Через несколько лет Герман Конради умер, оставив большое состояние своим двум детям. В новой семье Алины, принадлежавшей тому же кругу, но значительно менее состоятельной, к этому времени родилась дочь. Мать соединила всех трех детей, и для Веры Конради начался новый виток, о котором мы опять знаем лишь пунктирно. Общественное мнение успокоилось не скоро, следы этого мы находим в переписке П.И.Чайковского. Брат Модест, полностью стоявший на стороне обвинителей, продолжая жить в Гранкине (поместье Конради), пытается «спасти Колю от этой ужасной женщины, которая равнодушна к своим детям и не интересуется ничем, кроме их денег». Про Веру он никогда не упоминает. Когда эта переписка была впервые опубликована, в 10-е годы уже ХХ столетия, взрослая Вера Германовна пишет жесткое письмо в редакцию, вступаясь за мать. Но в самые годы травли она еще мала. Она вновь с матерью, у нее теперь есть младшая сестренка Наденька. Вера растет, и вырастает если и не красавицей (мнения расходятся), то интереснейшей, прекрасно образованной светской женщиной. На этой фотографии – Вера и Надежда. Вере не больше 20 лет.

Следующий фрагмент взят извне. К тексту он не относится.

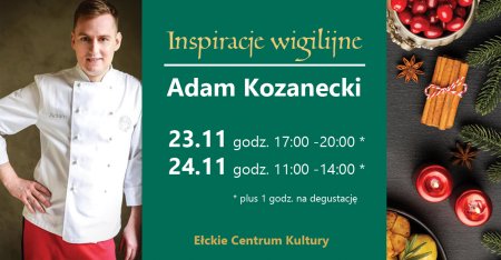 Zapraszamy na spotkanie kulinarne z finalistą czwartej edycji programu MasterChef Adamem Kozaneckim. Spotkajmy się w kawiarni Ełckiego Centrum Kultury. Być może takie, wspólnie przygotowane potrawy zagoszczą na waszych wigilijnych i świątecznych stołach:

Ее окружение – музыканты, художники, архитекторы, публика из музеев и университетов. Занимается новый век, в Петербурге кипит-бурлит-переливается через край яркая артистическая жизнь. Но мы не встречаем имени Веры Конради в каких-то заметных событиях. Она все время близко, но как-то незаметно, в тени.
В 1906 году Вера уезжает в Европу, поправить здоровье. Возвращается она оттуда нескоро и привозит с собой маленького мальчика, который еще долго будет именоваться ее «воспитанником», хотя ни для кого не секрет, что это ее внебрачный сын, родившийся вдали от любопытных глаз. Второго скандала семья благопристойно и благополучно избегает. Прислуга в доме, которую в этих делах обмануть почти невозможно, безоговорочно указывает, кто отец ребенка. Если поверить им, дочь почти в точности повторяет историю матери: это очень близкий к семье человек, значительно старше нее. Сама она в старости открывает сыну совершенно другое имя. Вероятно, надо поверить ей, но почему-то верится не на сто процентов.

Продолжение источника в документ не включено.